PROVIDED DATA:
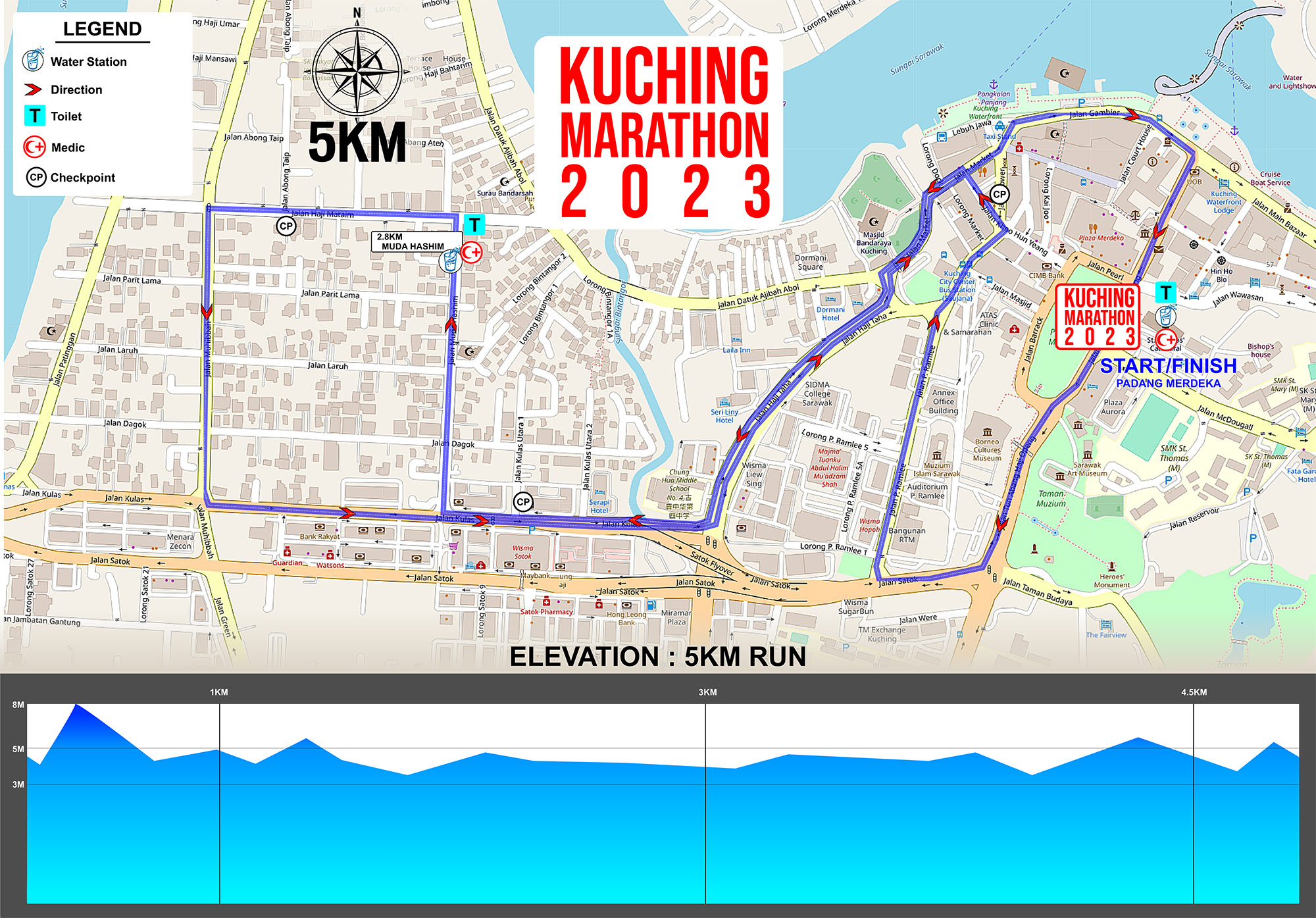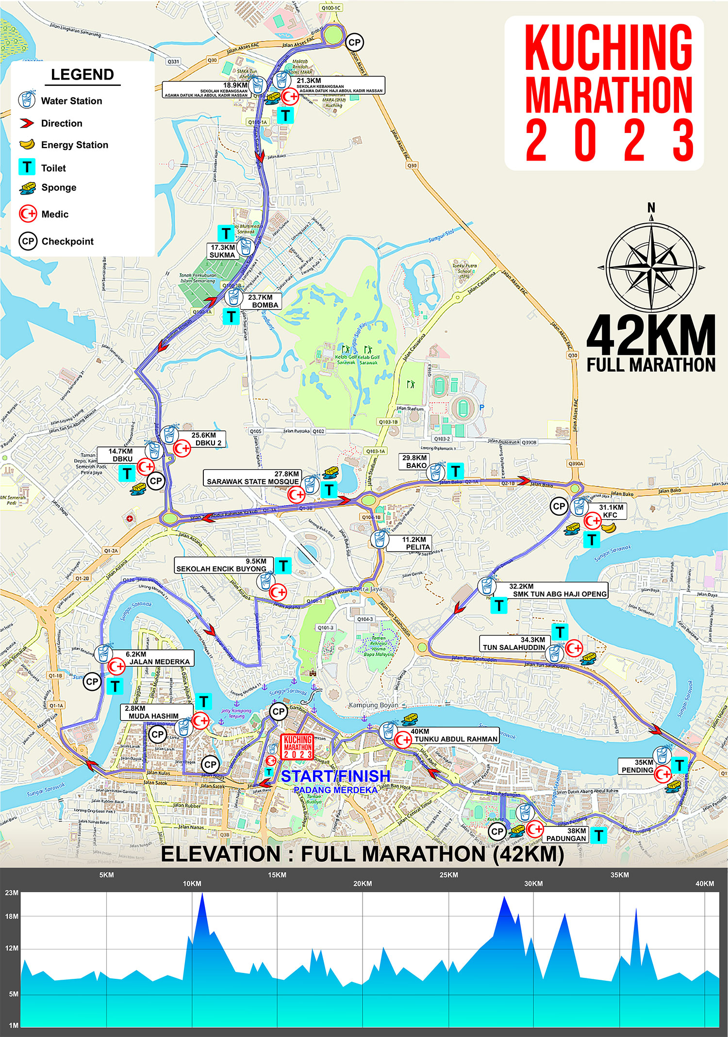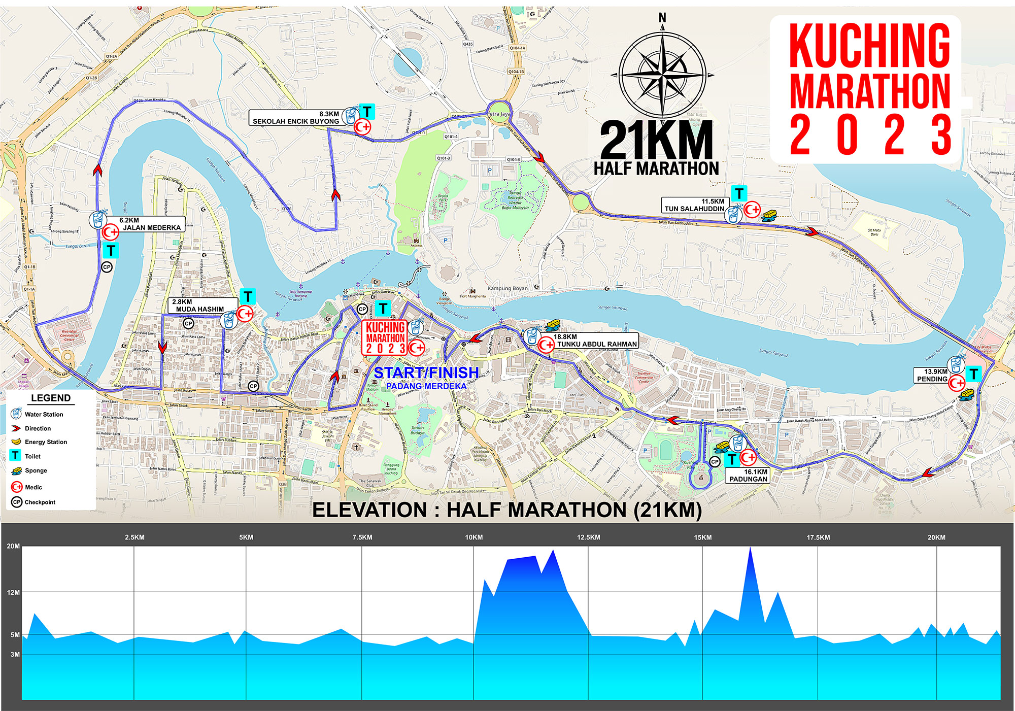 The 21KM running route for Kuching Marathon 2023 goes through several villages, the Satok Suspension Bridge, the old State Legislative Building, the Sarawak Court House, the Darul Hana Mosque and Islamic Park, Kuching Park, MBKS Headquarters, Padungan road and the Kuching Waterfront.
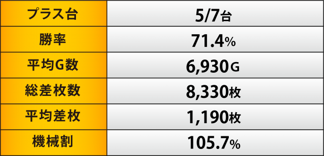 最後は『バーサスリヴァイズ』。プラスが1台だったものの、732番台が+1,339枚を残し安定した結果に。
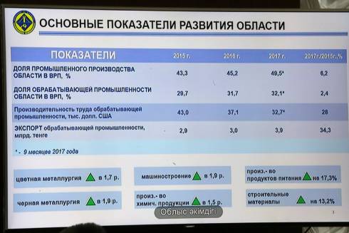 - Темп производства обрабатывающего сектора в 2017 году к 2015 году увеличен в 1,7 раза. Рост связан с увеличением производства в приоритетных секторах ГПИИР: цветной и чёрной металлургии, машиностроении, производстве химической промышленности, продуктов питания, строительных материалов. Объём обрабатывающего производства за 2017 год составил 1,8 трлн тенге, - доложил и. о. руководителя Управления промышленности и индустриально-инновационного развития Кайрат Шорманбаев.
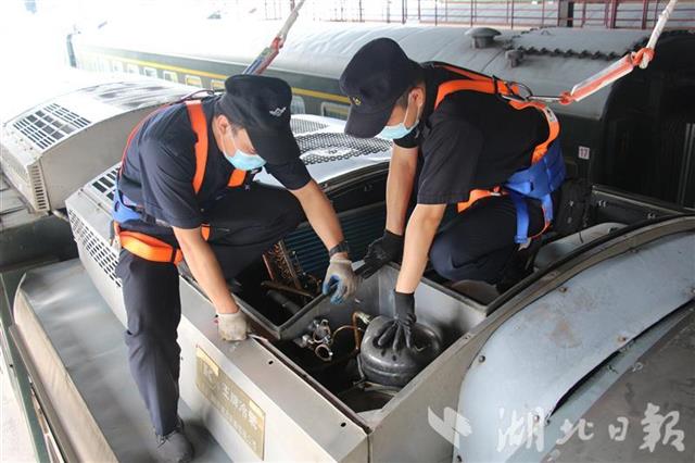 湖北日报讯(通讯员少杰)8月以来,武昌客车车辆段武昌客整所的10对21组普速列车逐步恢复开行。酷暑八月,在这样的高温天气下,空调成了人们离不开的设备,尤其在长途旅客列车上。8月26日中午11点多,武昌客车整备场上热气蒸腾,地面温度高达60℃,人在太阳底下站上几分钟就会大汗淋漓。
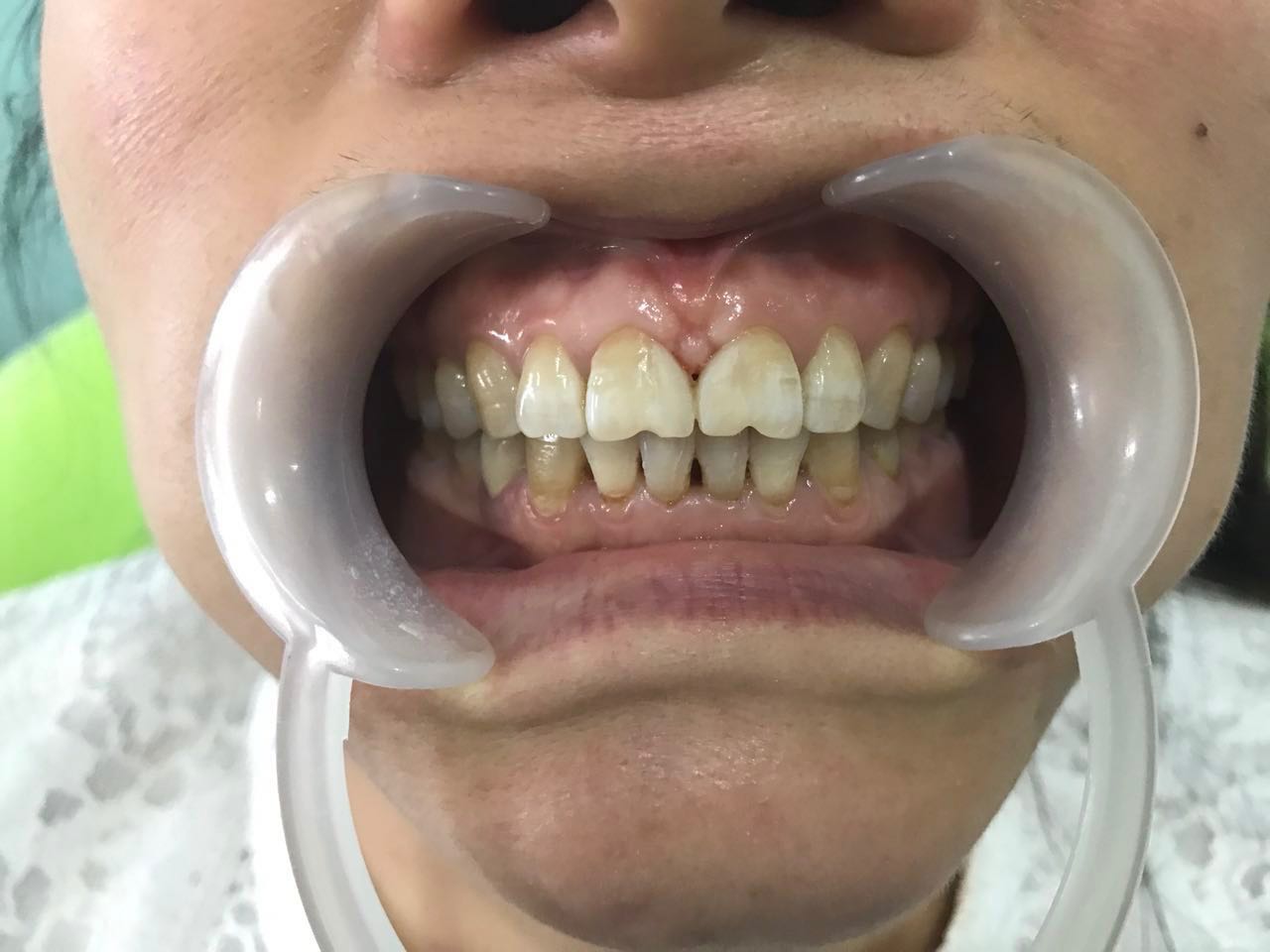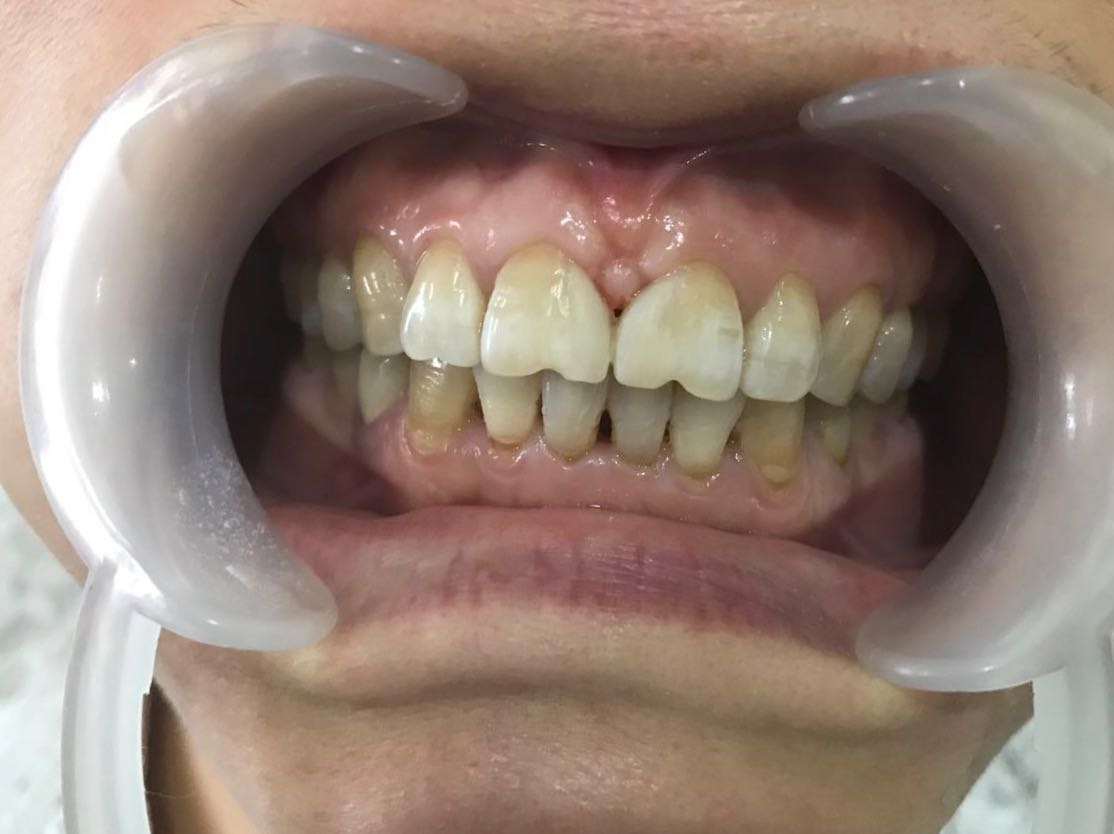 检查上前牙11,21之间缝隙宽大。约2mm,曾在外院修复过,现已脱落!
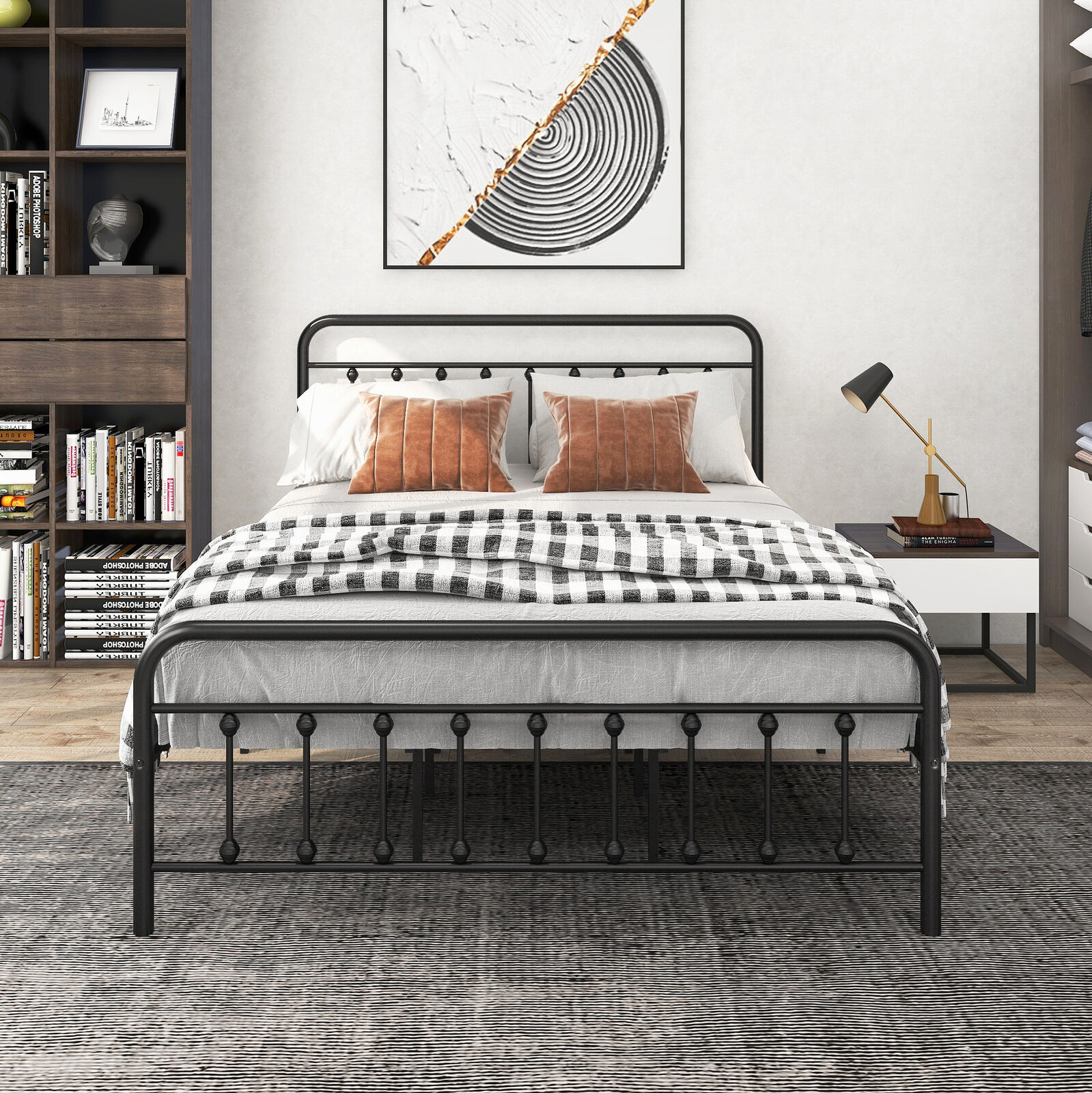 60,02 "кровать королевского размера классическая металлическая платформа для кровати с винтажным изголовьем и подножкой, бесшумная мебель для спальни

THE PROBLEM: The answer must be an exact copy of the lines from the one with "湖北日报讯(通讯员少杰)8月" through the final line above, both ends included, and nothing else; pictures stay out.

OUTPUT BELOW:
 湖北日报讯(通讯员少杰)8月以来,武昌客车车辆段武昌客整所的10对21组普速列车逐步恢复开行。酷暑八月,在这样的高温天气下,空调成了人们离不开的设备,尤其在长途旅客列车上。8月26日中午11点多,武昌客车整备场上热气蒸腾,地面温度高达60℃,人在太阳底下站上几分钟就会大汗淋漓。
 检查上前牙11,21之间缝隙宽大。约2mm,曾在外院修复过,现已脱落!
 60,02 "кровать королевского размера классическая металлическая платформа для кровати с винтажным изголовьем и подножкой, бесшумная мебель для спальни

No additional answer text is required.